One half of the job was solved in 2024. The other half was never solved at all.

Until late 2024, you didn't compute any of this. You asked Spotify. The audio-features endpoint handed you tempo, key, energy, danceability, the lot. Then on November 27, 2024 Spotify deprecated audio-features and audio-analysis for any app without a prior quota extension. New apps get a 403. Eighteen months later there is still no replacement.

So tempo moves in-house: you load the audio and run librosa.beat.beat_track, then fold the inevitable half/double octave errors back into a sane window. It's a known computation, and it's the first thing Part 2 picks up. The genre has no equivalent. There is no endpoint, no librosa one-liner, and as it turns out, no database either.

The genre is not in any database

Here is the part nobody warns you about: for underground electronic, genre metadata barely exists.

spotdl writes whatever Spotify has into the file tags. For a T78 or a Timmo or a Clara Cuvé track, the genre field comes back empty. Spotify knows the artist, the album, the release date. It does not know the genre of the individual track. So I reached for MusicBrainz, the open music database, the obvious next stop. I pulled eight of my own tracks and looked each up by hand. Four returned empty genre and tag lists. Four had no match at all. MusicBrainz is a good project, but it was built by people cataloguing the music they care about, and nobody has sat down to tag last month's hard-groove white label.

I was convinced for about a day that the answer was a better lookup. There is a whole chain of them, so I tested each against my real tracks rather than against the docs:

Source	Credential	What it actually returned
Embedded tag (spotdl/Spotify)	none	empty for every track
MusicBrainz	none	4/8 empty, 4/8 no match
Last.fm tags	free key	matched the wrong artist on a Unicode lookalike; otherwise generic ("edm")
Deezer	none	matched 17/18, but everything is "Electro" or "Dance" — no sub-genre
Discogs styles	token	genuinely good ("Peak Time / Driving"), but misses the newest releases

Every row has the same flaw. Each depends on someone, somewhere, having already written the genre down. Deezer matches almost everything and tells me nothing, because its taxonomy can't separate hard techno from tech house. Discogs is the closest to right and still misses exactly the recent underground releases I care about. For new music, the authoritative label doesn't exist yet, so no lookup can return it.

That was the reframe that mattered: I didn't have a lookup problem. I had a label that only existed in the audio.

So compute the label from the signal

A DJ can hear four bars and name the sub-genre. The information is in the waveform; it simply isn't in any text field. Which turns the problem from "find a better database" into "classify the audio," and there is a model for that.

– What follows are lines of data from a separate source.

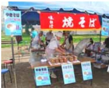
縁日市の食べ物コーナーの一つ
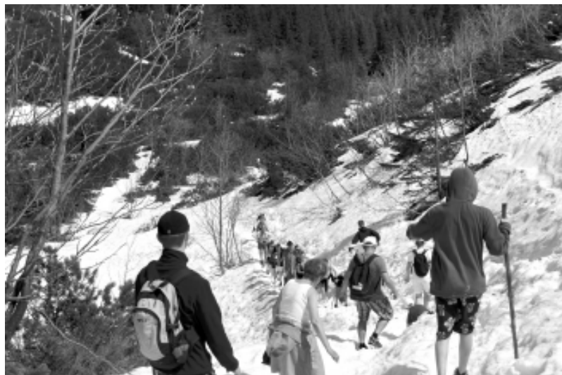
Niektórzy wracają w dół
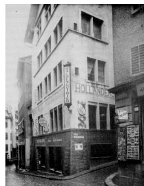
Cabaret Voltaire Zürich

INFORMATIEMOMENT dinsdag 18 maart 2008, 20u, Aula Pand (gelijkvloers, naast Wintertuin)
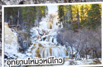
อุทยานโหมวหนี่โกว
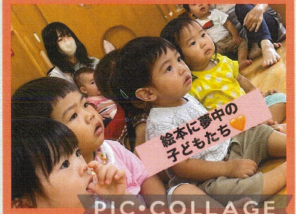
絵本に夢中の 子どもたち👧
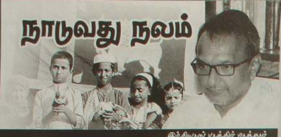
இந்தியாவின் முதல் அமைச்சர்

வார்த்தைகளால் வர்ணிக்க முடியாத சோகமான நிகழ்வொன்றுக்கு நாம் முகம்கொடுத்துள்ளோம். உலகில் எல்லா இன மக்களினதும் வழிபாட்டுத் தளங்கள் தாக்கப்பட்டே வருகின்றது. இவ்வாறு மோதல் களை உருவாக்குவதன் மூலம் சொல்ல வருகின்ற விடயங்களை விடவும் இவற்றை திட்டமிடுபவர்கள் எவற்றை எதிர்பார்க்கின்றனர் என்பதையே விளங்க வேண்டியுள்ளது.
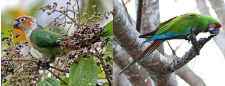
Ilustración 1. Ara militaris y Pyrrhura albipectus , especies de aves representativas de San Carlos de las Minas

áreas previamente alteradas y poco disturbadas.
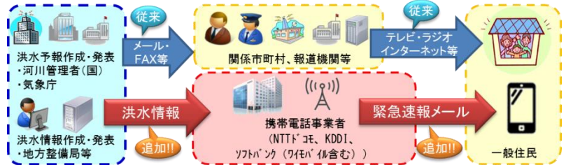
「洪水情報のプッシュ型配信」イメージ

ワイモバイル： http://www.ymobile.jp/service/urgent_mail/

MAEST is an audio transformer, about 86M parameters, built on the Audio Spectrogram Transformer line and trained on 400 Discogs styles. You feed it audio, it returns probabilities over a taxonomy that natively separates Hard Techno, Tech House, Minimal Techno, and Trance. cratemind runs the discogs-maest-10s-pw-1 ONNX export on onnxruntime on the CPU. The model is optional and downloaded on first use (about 330 MB, fetched from the Essentia model host into a local cache), and the whole classifier is written so any failure returns None and the resolver falls back gracefully:

python

# src/cratemind/genre/audio.pydef is_available() -> bool:    """True when the model is downloaded and onnxruntime is importable."""    if not model_path().exists() or not metadata_path().exists():        return False    try:        import onnxruntime  # noqa: F401    except ImportError:        return False    return Truedef lookup_audio_genre(path: Path) -> str | None:    """Predict a raw sub-genre label (e.g. "Hard Techno"), or None if unsure."""    if not is_available():        return None    try:        scores = _predict(path)        if scores is None:            return None        best = int(scores.argmax())        if scores[best] < _MIN_CONFIDENCE:  # 0.10 — below this it's guessing            return None        return _clean_label(_labels()[best])    except Exception:        return None

No account, no API, no cloud round-trip. The model file sits in a cache directory and the audio never leaves the machine. For a tool whose whole premise is "this is local and it's yours," that mattered more than a point or two of accuracy.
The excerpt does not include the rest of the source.